Investigating the effects of SFK overexpression on the development of cancer in zebrafish
Max Williams
SRC Family Kinases (SFKs) are key regulatory kinases, involved in the cell signaling related to scheduled cell death and cell division. SFKs are aberrantly activated in many cancers, such as breast, prostate, and non-small cell lung cancer. Much of the current research focuses on a single family member, SRC. Additionally, given their role in cancer signaling, most of what is known about these kinases comes from cancer research. Thus, we aim to investigate the role of the different SFK members in zebrafish, starting with zebrafish development using embryos. We hypothesize that modulation of these kinases will have distinct phenotypic effects in normal zebrafish development, varying based on the tissue or developmental stage in which the change occurs. To test the effects of SFK overexpression in cells, plasmid DNA encoding these proteins of interest will be microinjected into zebrafish embryos. Development of these embryos will be monitored, and any impacts or changes to the development of the organ systems will be evaluated.
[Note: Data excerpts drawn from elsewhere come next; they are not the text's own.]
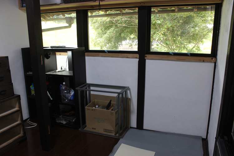 ここのスペースはホタル見の窓などの目的で作り、カウンターテーブルなどを置いて鑑賞できるようにしようと思っていたのだが、実際に部屋の中から鑑賞するのは現実的でなく、もう一つのプランであった水槽置き場として利用することを決心した。となると最初にやらねばならないのがこのスペースに合う水槽台の作成である。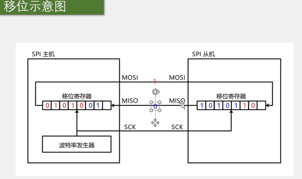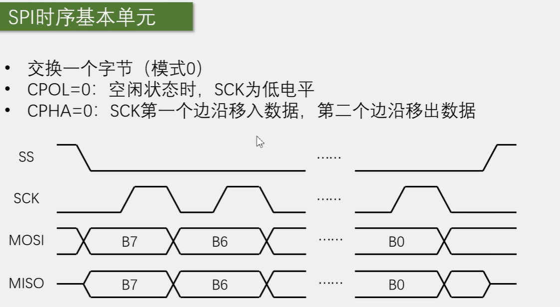 上升沿之后,下一个边沿就是下降沿,在下降沿时,主机和从机内,都会进行数据采样输入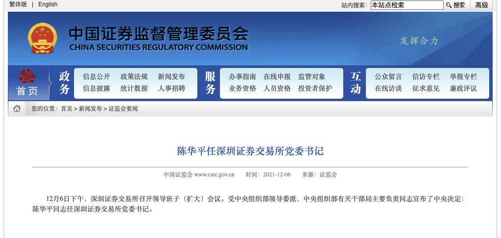 证监会网站消息,12月6日下午,深圳证券交易所召开领导班子(扩大)会议。受中央组织部领导委派,中央组织部有关干部局主要负责同志宣布了中央决定:陈华平同志任深圳证券交易所党委书记。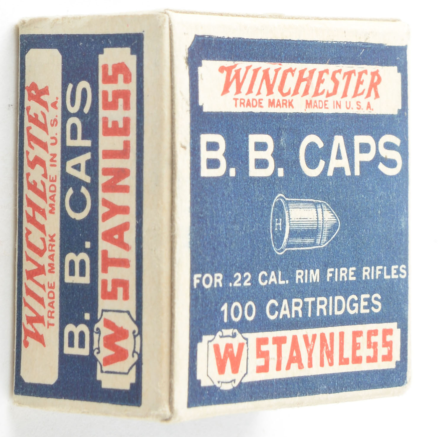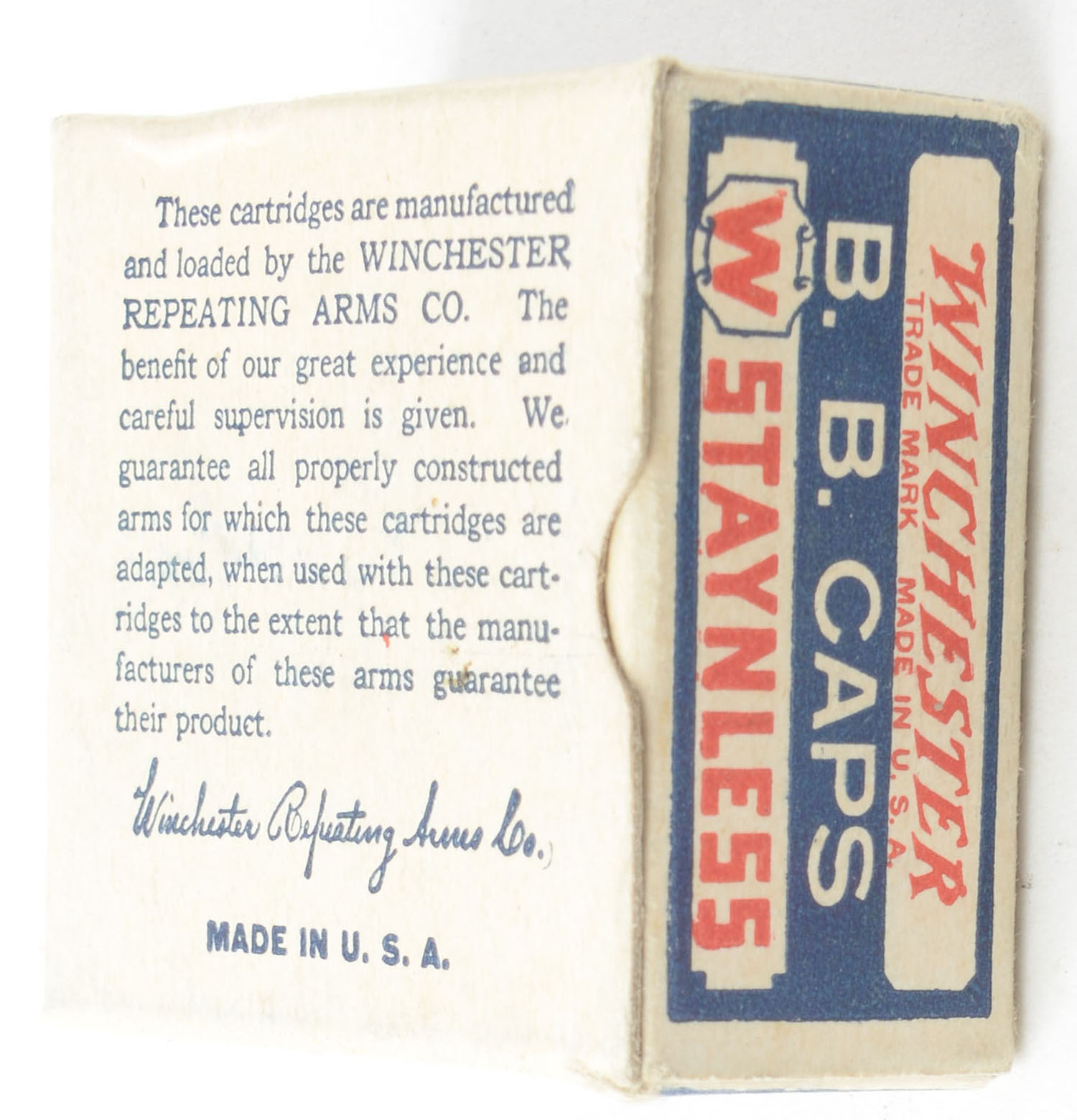 Winchester, Staynless, B.B. Caps, RHWeb: WRA-12B BB-1, Full, 1pc. Blue white & red box, box is solid with excellent color, only very minor corner wear, edges are crisp, end flaps are solid, ammo is excellent. Grade: Excellent ++ - Value: 50 to 75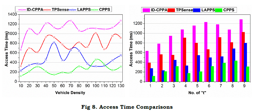 Figure 8 presents the comparative analysis for access time for different vehicle density and "t". The access time is comparatively less for different t and V by maximizing request process rate. In the proposed scheme, the v′s are integrated based on transactions defined by αD and αP. The pending state provides additional delay for the R in different t. First, if αp tends to αG, then G=1 is acquired and hence access time is less. Contrarily, if τ≠0 is observed, then the partial privacy preserving feature is instigated for maximizing access. The Ŝ is retained for the previous case whereas the Ŝ is defined from 1 for the second case. In G assessment based on ⨅P−G balancing as in equation (9) and (8), the ρS=0 or ρI=1 is first attained. If ρS=1 is achieved, then τtends to 0 and hence the revocation is denied. Therefore, access to service is provided instantaneously without reducing ΔR. Besides the state learning based allocations reduces the adversary impact and thereby frequent disconnections. This turns out in ⨅P−G and ⨅G−G independently. Therefore the v′s requests are momentarily analyzed without additional communication cost. The split in ρ[P(t)] and τ as in equation (8) defines the access level without intersection. Hence the proposed scheme incorporating above features, reduces the access time.

Additionally, gene and protein expression of these SFK members will be tested against control embryos to determine if there is cross-regulation of the family. SFKs interact with, and mediate the signals from, a variety of cell surface receptors, including receptor tyrosine kinases (RTKs) and G-coupled protein receptors. Because of this, the difference in expression of common signaling pathways will be measured for correlation with any observed phenotypic irregularities that appear. Of particular note will be phenotypic irregularities similar to symptoms of cancer, namely uninhibited cell proliferation or insufficient apoptotic activity.
Max Williams is a junior biology major. He is a member of the Tribeta National Biological Honors Society and plans to pursue a career in genetics research.